▶ _Your objective_
Give the listing again, word for word, and let no picture into it.

▶ _Source data_
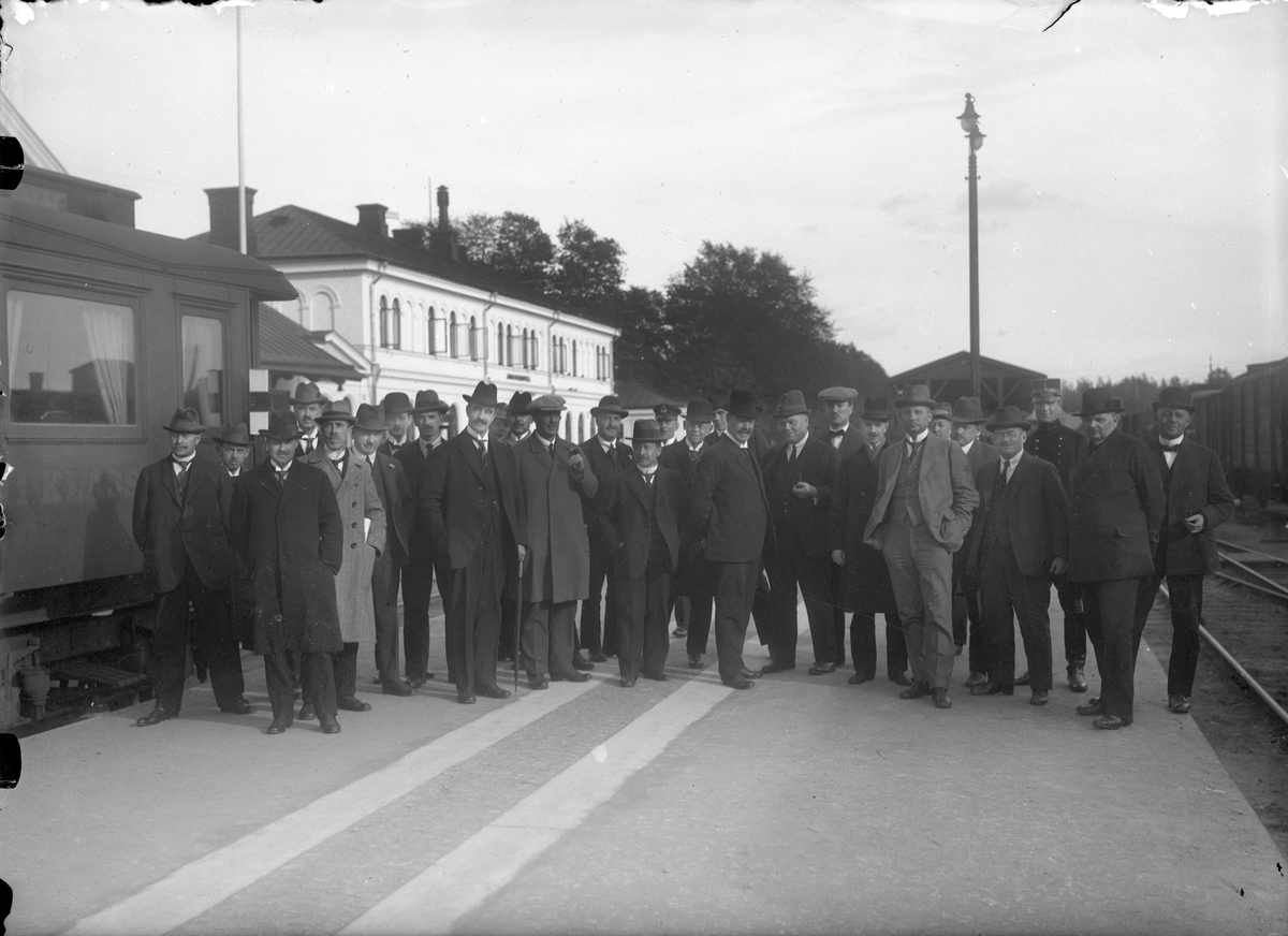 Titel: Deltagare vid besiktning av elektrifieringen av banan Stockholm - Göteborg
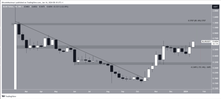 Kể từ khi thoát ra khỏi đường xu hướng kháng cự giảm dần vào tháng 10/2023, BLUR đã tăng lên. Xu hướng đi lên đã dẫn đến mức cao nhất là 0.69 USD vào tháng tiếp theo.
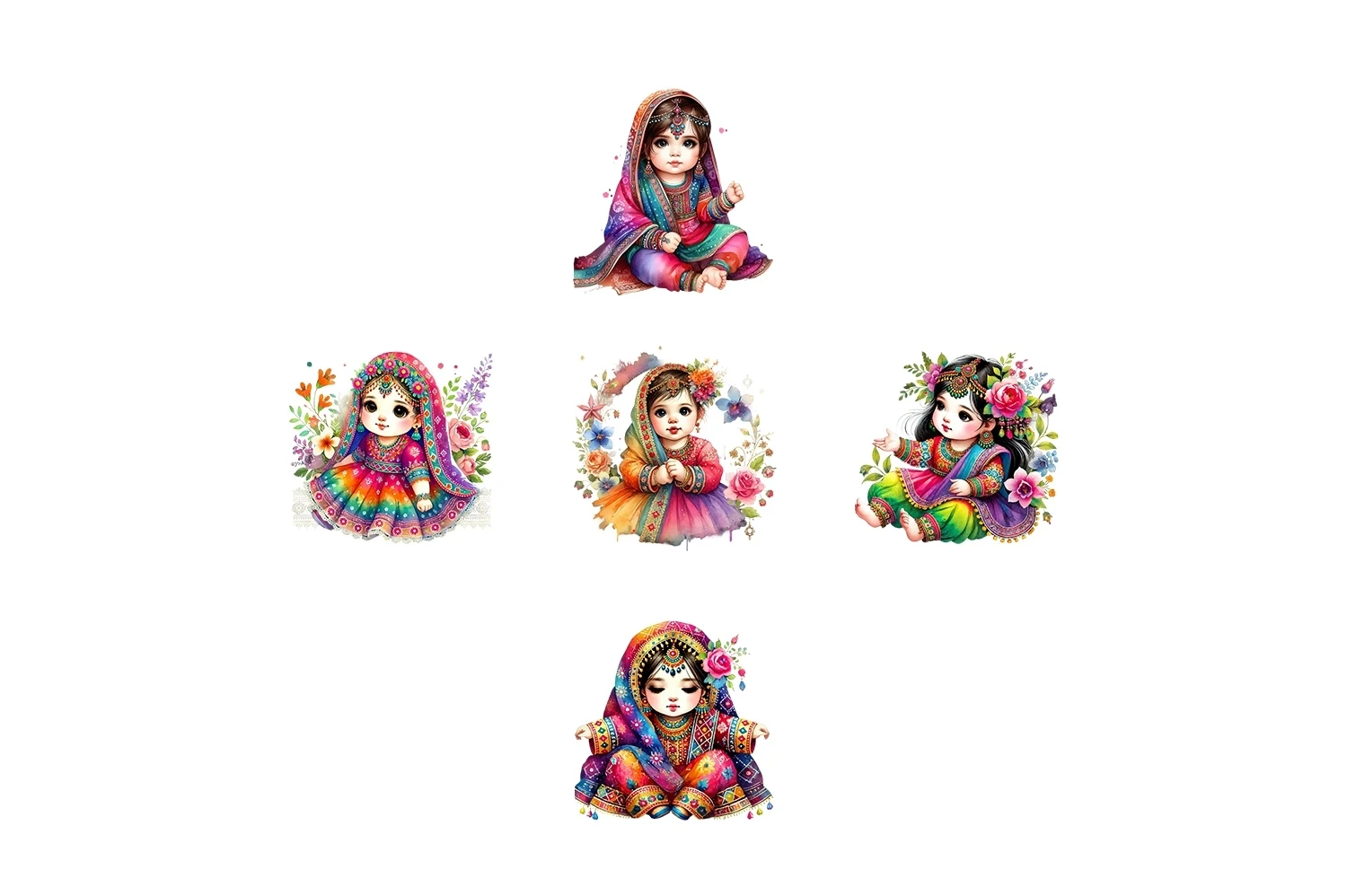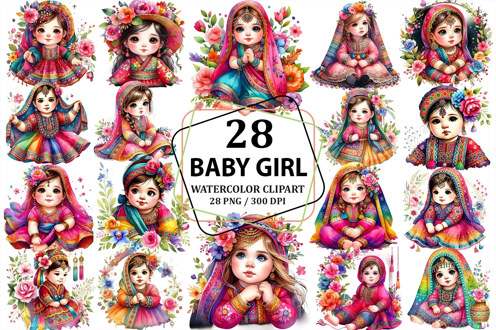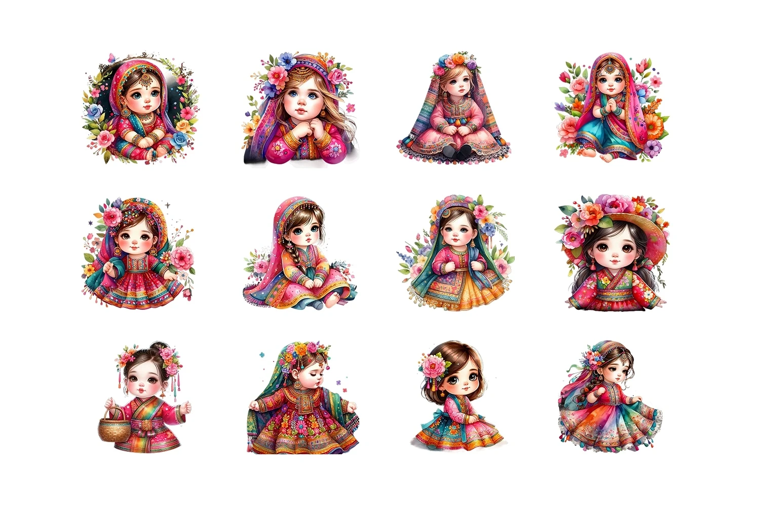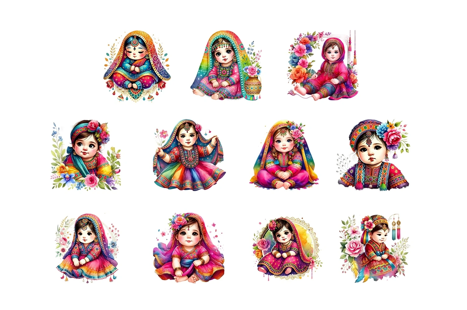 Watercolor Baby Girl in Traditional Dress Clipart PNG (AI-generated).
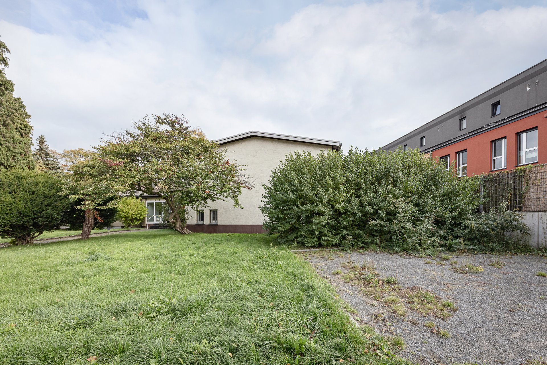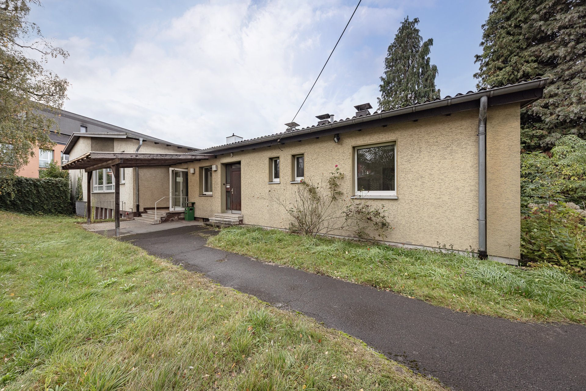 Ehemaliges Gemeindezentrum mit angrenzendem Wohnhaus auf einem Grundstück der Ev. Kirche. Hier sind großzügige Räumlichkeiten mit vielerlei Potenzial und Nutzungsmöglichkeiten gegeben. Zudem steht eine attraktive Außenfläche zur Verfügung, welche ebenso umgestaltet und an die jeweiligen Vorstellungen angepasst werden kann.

▶ _Result below_
 Titel: Deltagare vid besiktning av elektrifieringen av banan Stockholm - Göteborg
 Kể từ khi thoát ra khỏi đường xu hướng kháng cự giảm dần vào tháng 10/2023, BLUR đã tăng lên. Xu hướng đi lên đã dẫn đến mức cao nhất là 0.69 USD vào tháng tiếp theo.
 Watercolor Baby Girl in Traditional Dress Clipart PNG (AI-generated).
 Ehemaliges Gemeindezentrum mit angrenzendem Wohnhaus auf einem Grundstück der Ev. Kirche. Hier sind großzügige Räumlichkeiten mit vielerlei Potenzial und Nutzungsmöglichkeiten gegeben. Zudem steht eine attraktive Außenfläche zur Verfügung, welche ebenso umgestaltet und an die jeweiligen Vorstellungen angepasst werden kann.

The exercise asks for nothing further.